@daniel: You cannot delete the dialog file without deleting the visemes, but you can do sort of a work around, which I have done in the post (there's also a tutorial by use 3DTest about that on YouTube, I'll have to find it).
As you observed, viseme allocation is much better when using TTS voices. The reason seems to be that iClone (if that's what you are using) uses the text for the TTS is a guideline to determine the visemes. We have asked a million time to do the same for regular lip-syncing but it has fallen on deaf ears thus far.
After you have done your TTS lip-syncing, you can then mute the out put for the voice (there is sliders on the time line for that).
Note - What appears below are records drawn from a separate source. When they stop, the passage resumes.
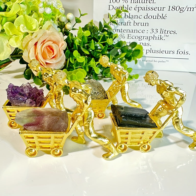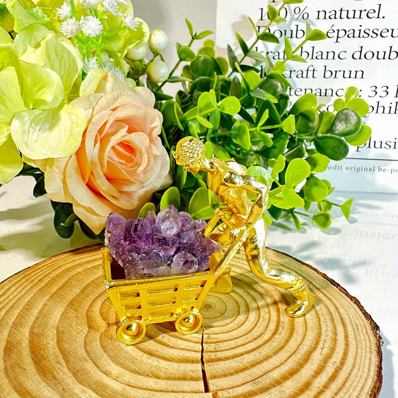 This beautiful natural crystal raw stone miner metal carvings ornament is perfect for energy healing, Reiki decoration, and more. It makes a thoughtful gift for Mother's birthday or as children's toys. It can also be used as a garden decoration.
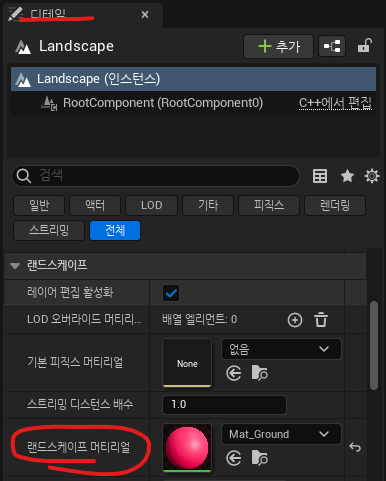 만든 메터리얼을 LandScape에 적용하기 위해서는 Landscape의 디테일 패널 - 랜드스케이프 - 랜드스케이프머티리얼에 적용하고 싶은 메터리얼을 삽입
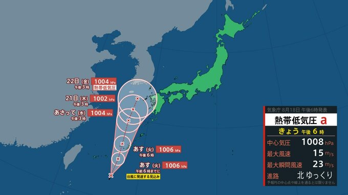 18日15時の観測によると、熱帯低気圧が宮古島の南南東約280キロにあって、ゆっくりした速さで北北東へ進んでいます。中心の気圧は1008ヘクトパスカル、中心付近の最大風速は15メートル、最大瞬間風速は23メートルとなっています。熱帯低気圧は今後12時間以内に台風となる見込みで、19日にかけて沖縄地方に接近し、その後、東シナ海を北上するでしょう。
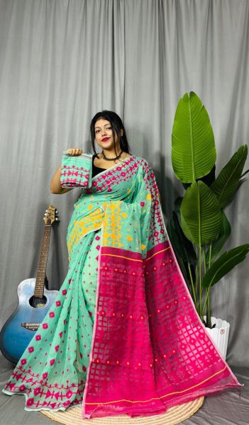 5 days, 5 hours agoProduct published : Sea Blue Pure Handloom Dhakai Jamdani Saree From Bengal
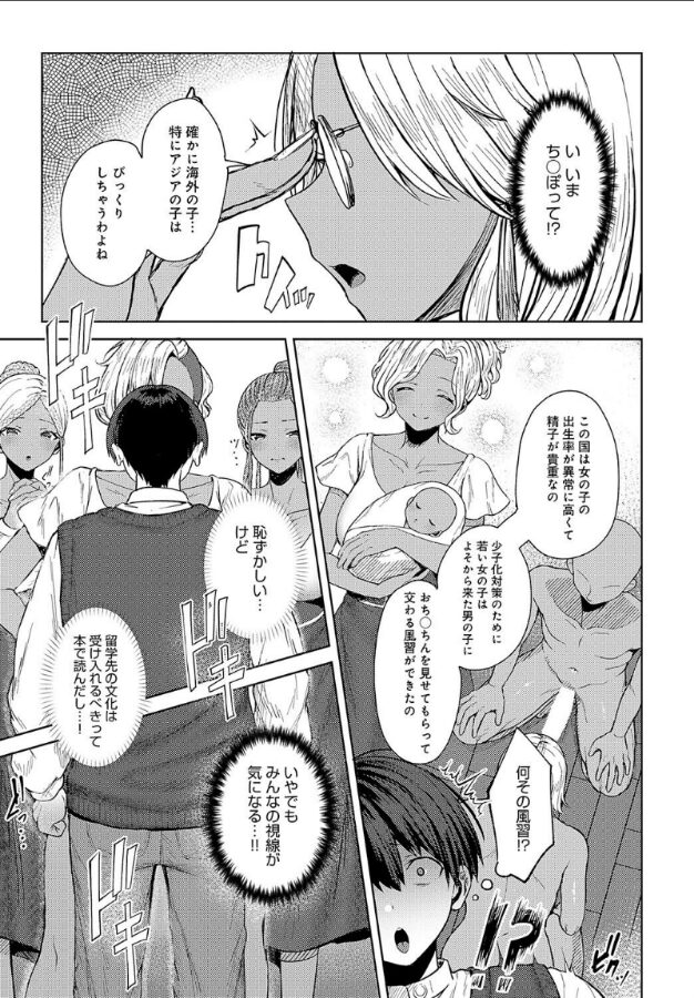 若い女性だらけの南の島に留学することになった僕。留学先の学校で女子に囲まれて戸惑っていると、褐色肌の地元女子・カミラが突然、「ほら! ち○ぽ出して!」と要求してきた。この島には、よそからきた男子は女子にち○ぽを見せ、交わるという独特の風習があったのだ! 風習に従ってち○ぽを出すと、カミラに人前でフェラをされ、そのままクラスメイトの前でイッてしまう–。その行為を見ていた他の女子たち、ニマやハナンもうっとり興奮状態♪ 二人も乱入してきて、南国娘たちと夢のようなハーレムSEXが始まる–!ハッピーセックスの伝道師・旅口工路先生が贈る、熱いトロピカル4Pハーレム体験♪
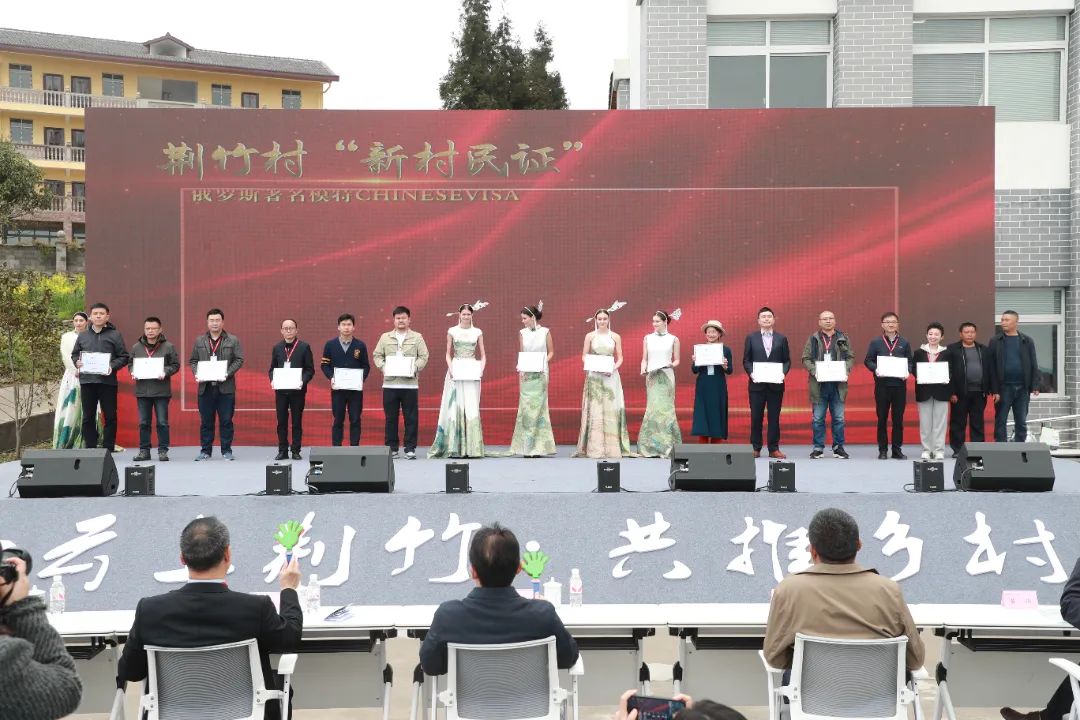 鄉(xiāng)村要振興,人才是關(guān)鍵。在本次“四民”工程建設(shè)大會(huì)上,荊竹村還為部分“新村民、榮譽(yù)村民”頒授了證書,廣泛吸納荊竹村內(nèi)、村外、全國乃至境外的各類人才,參與荊竹村鄉(xiāng)村振興建設(shè)。

Than you can import a sound file with your voice actor. Unfortunately, you won't see the waveform, but you can scrub the audio.
I think the way I have done it is to split things up by sentences or phrases to make the lining up easier.
Here is the tutorial. The only difference is that you don't need to use CT8 to do the TTS lip-syncing; you can now do that in iClone directly.
I'm in a bit of a hurry right now, but recently Mike Kelley introduced a way to use Papagayo to generate the visemes and then use a Python script to "inject" those in iClone. I have worked on some improvements of that script.
Of course, it would be much easier if this was actually integrated in iClone. The technology is there and has been for a long time, but there seems to be some reluctance on RL's part to make use of that. Even though we have facial mocap, that is not always a solution.